- _Problem to solve_
With the pictures omitted, write out all of the listing exactly.

- _Data_
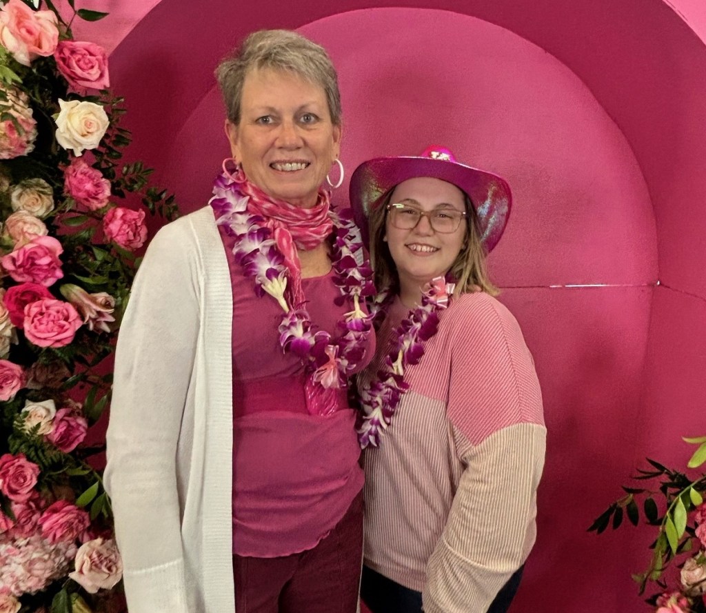 Decked out in Hawaiian leis, pink hoop earrings and a pink scarf, Patricia joined the flight as someone currently battling the disease. Patricia was diagnosed with Stage 4 breast cancer in December 2022 after noticing a rash on her body. After initially thinking it was shingles, tests led to a breast cancer diagnosis, and she began treatment in February 2023. Patricia’s current treatment plan involves taking three pills each morning for three weeks, and then she has a week off.
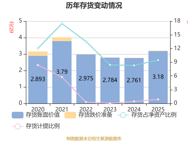从存货变动来看,截至2025年末,公司存货账面价值为3.18亿元,占净资产的9.46%,较上年末增加4184.08万元。其中,存货跌价准备为282.19万元,计提比例为0.88%。
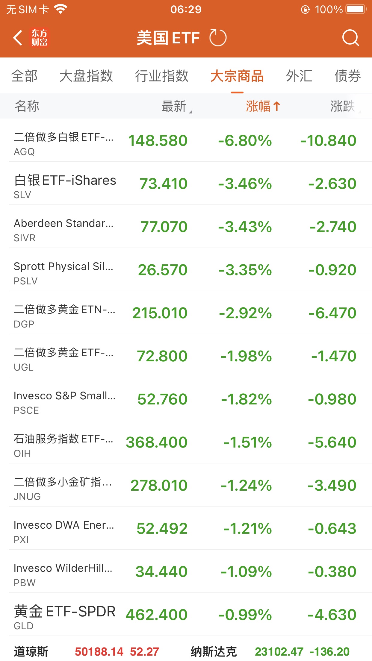 大宗商品型ETF跌幅榜Top5
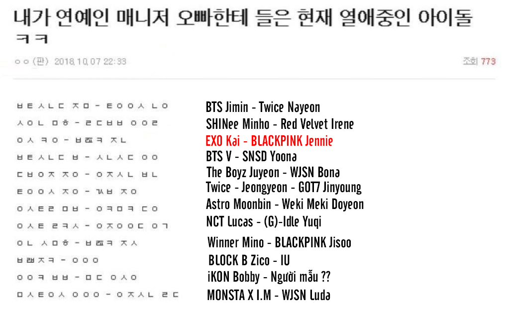 Hồi tháng 10/2018, trên diễn đàn giải trí Pann từng xuất hiện danh sách 11 cặp đôi bí mật của K-Pop. Ngày ấy, mọi người đọc xong rồi nhanh chóng bỏ qua, vì những tin đồn tình cảm kiểu này vốn xuất hiện rất nhiều, và độ chính xác không cao. Nhiều cặp đôi chỉ đọc tên thôi đã thấy chẳng liên quan đến nhau rồi.

- _Solved exercise_
 Decked out in Hawaiian leis, pink hoop earrings and a pink scarf, Patricia joined the flight as someone currently battling the disease. Patricia was diagnosed with Stage 4 breast cancer in December 2022 after noticing a rash on her body. After initially thinking it was shingles, tests led to a breast cancer diagnosis, and she began treatment in February 2023. Patricia’s current treatment plan involves taking three pills each morning for three weeks, and then she has a week off.
从存货变动来看,截至2025年末,公司存货账面价值为3.18亿元,占净资产的9.46%,较上年末增加4184.08万元。其中,存货跌价准备为282.19万元,计提比例为0.88%。
 大宗商品型ETF跌幅榜Top5
 Hồi tháng 10/2018, trên diễn đàn giải trí Pann từng xuất hiện danh sách 11 cặp đôi bí mật của K-Pop. Ngày ấy, mọi người đọc xong rồi nhanh chóng bỏ qua, vì những tin đồn tình cảm kiểu này vốn xuất hiện rất nhiều, và độ chính xác không cao. Nhiều cặp đôi chỉ đọc tên thôi đã thấy chẳng liên quan đến nhau rồi.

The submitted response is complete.